Pat looked over his shoulder. Although people split up according to dress on the footpath, they assimilated once inside. Some of the business people had taken off their jackets.

“When I drank, I was drinking plenty of bad stuff. It was cheap and I needed plenty of it,” said Draga, drawing Pat’s attention back to the front of the room.

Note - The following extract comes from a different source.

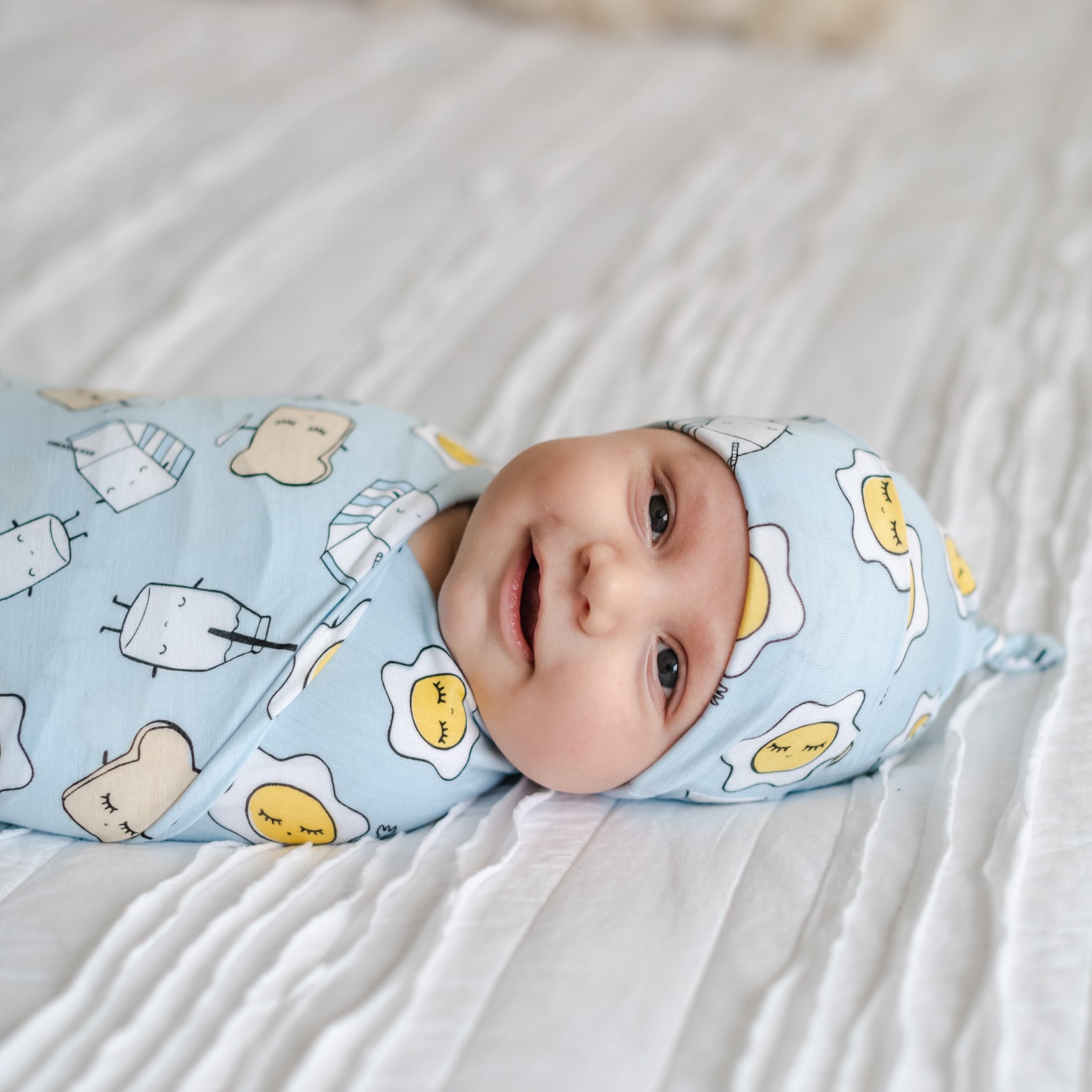 Blue Breakfast Buddies Swaddle + Hat Set - OSFA

“My husband and I, we had separate jobs as well as owning a taxi. First he lost his job; he was a machine operator, and then I lost mine. I stayed at home while he drove the cab. That was okay, until he went blind from the drink. Don’t know why that happens to some and not to others,” she said.

“Then I started driving the taxi and every day at midday when the bottle shops opened, I would drive through and buy a four-litre cask of white wine to get me through the shift.

“We were functioning alcoholics, in that sense; we managed to keep our house. Everything seemed to be going alright until…” She dropped her head slightly, as if looking through the floor, over her glasses.